__Assignment__
Take the records below and set down exactly the lines from the one with "印刷合格证货号1AHUUU 唯一对版✅" to the one with "Sleep on a silk", ends included; do not copy the pictures.

__Entries provided__

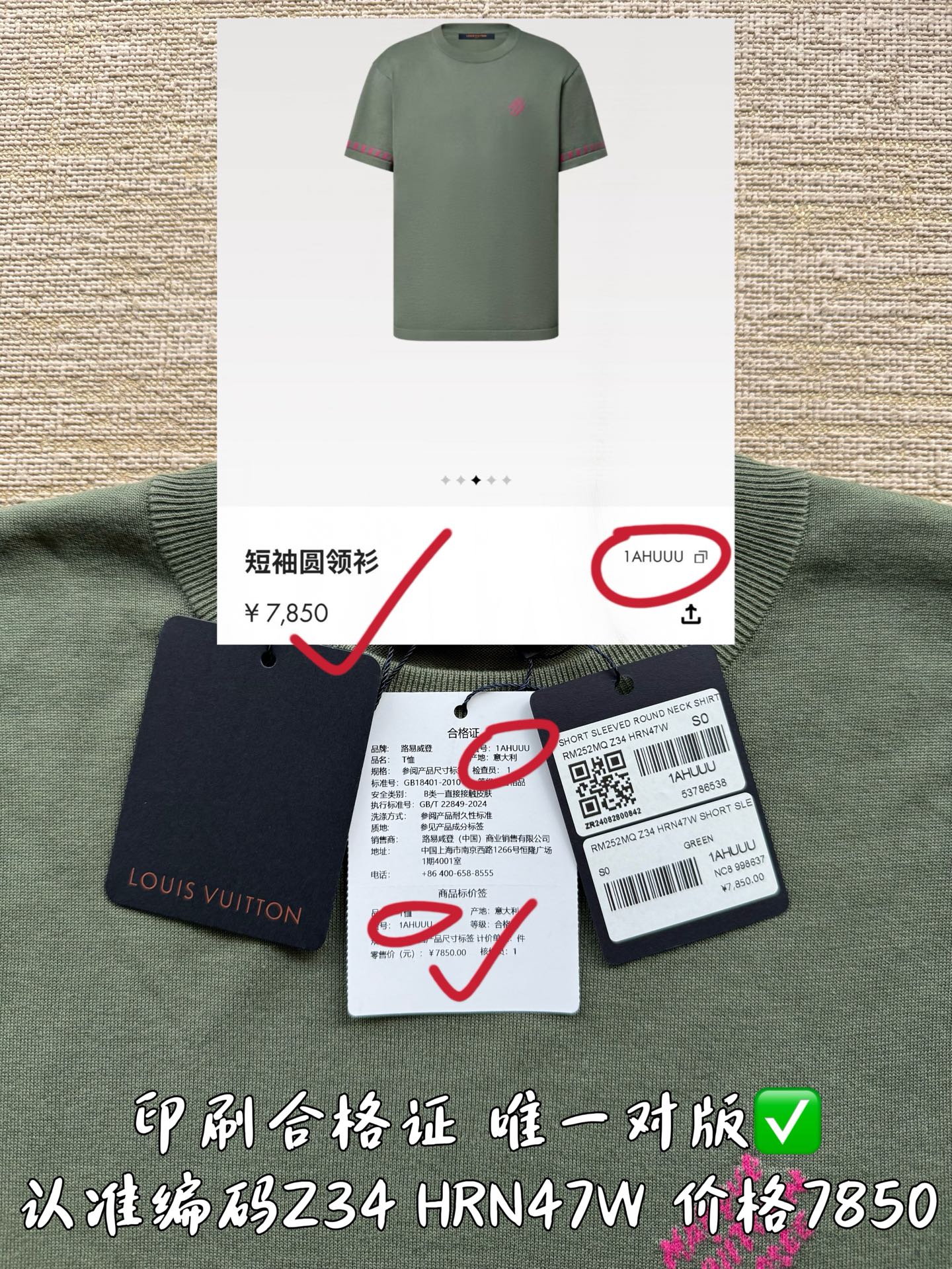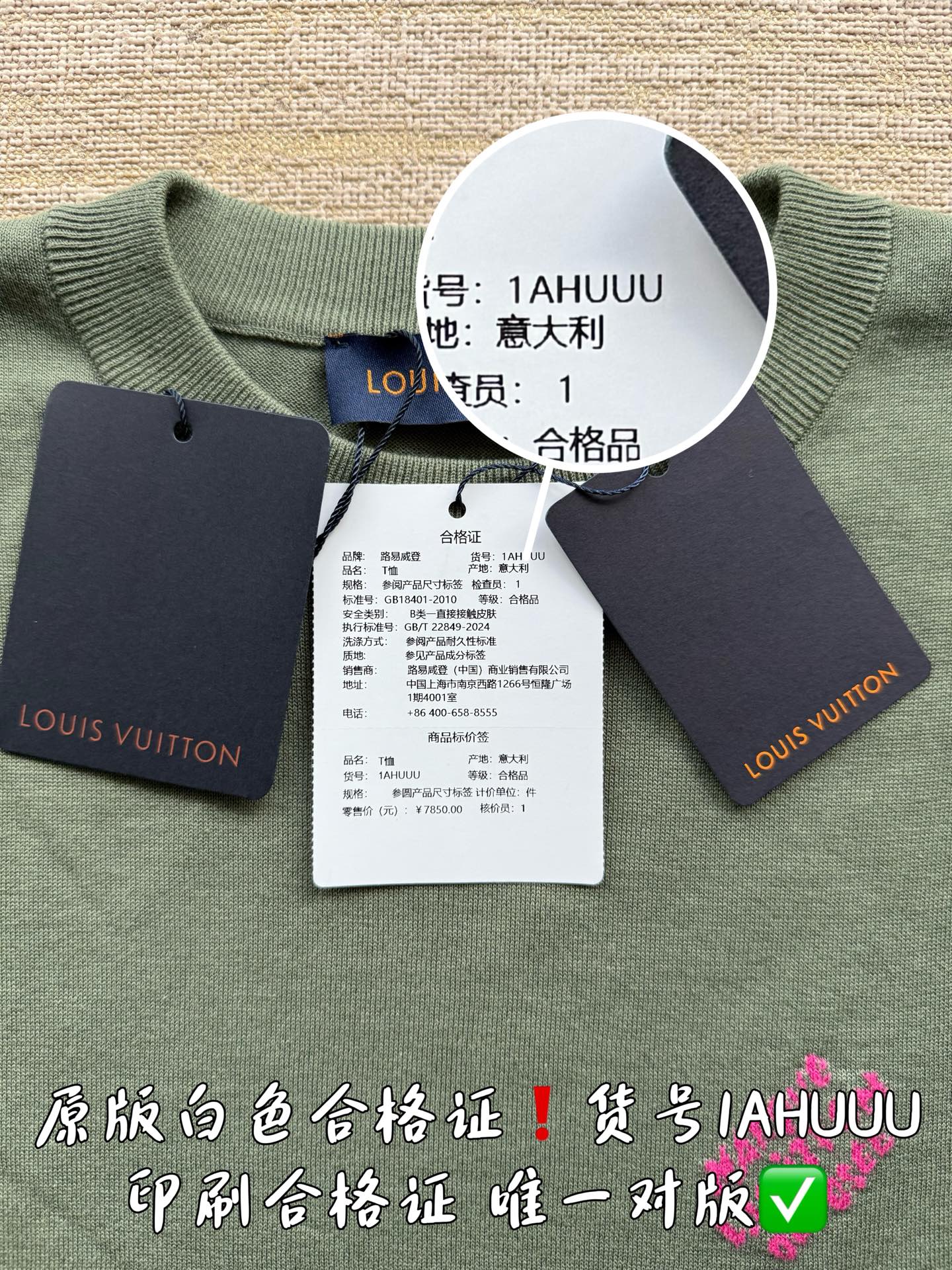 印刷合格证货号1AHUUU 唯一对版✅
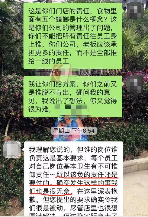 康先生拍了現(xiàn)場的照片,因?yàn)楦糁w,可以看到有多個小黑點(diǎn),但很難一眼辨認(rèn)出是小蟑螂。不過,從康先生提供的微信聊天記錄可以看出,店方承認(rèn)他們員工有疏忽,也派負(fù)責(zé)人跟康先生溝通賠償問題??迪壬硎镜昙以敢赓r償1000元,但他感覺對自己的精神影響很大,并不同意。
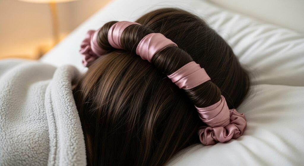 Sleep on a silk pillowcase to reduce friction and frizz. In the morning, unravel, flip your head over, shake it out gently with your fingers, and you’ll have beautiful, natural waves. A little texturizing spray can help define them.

==

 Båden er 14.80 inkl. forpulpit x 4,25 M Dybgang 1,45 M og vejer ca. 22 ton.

__Answer to this exercise__
 印刷合格证货号1AHUUU 唯一对版✅
 康先生拍了現(xiàn)場的照片,因?yàn)楦糁w,可以看到有多個小黑點(diǎn),但很難一眼辨認(rèn)出是小蟑螂。不過,從康先生提供的微信聊天記錄可以看出,店方承認(rèn)他們員工有疏忽,也派負(fù)責(zé)人跟康先生溝通賠償問題??迪壬硎镜昙以敢赓r償1000元,但他感覺對自己的精神影響很大,并不同意。
 Sleep on a silk pillowcase to reduce friction and frizz. In the morning, unravel, flip your head over, shake it out gently with your fingers, and you’ll have beautiful, natural waves. A little texturizing spray can help define them.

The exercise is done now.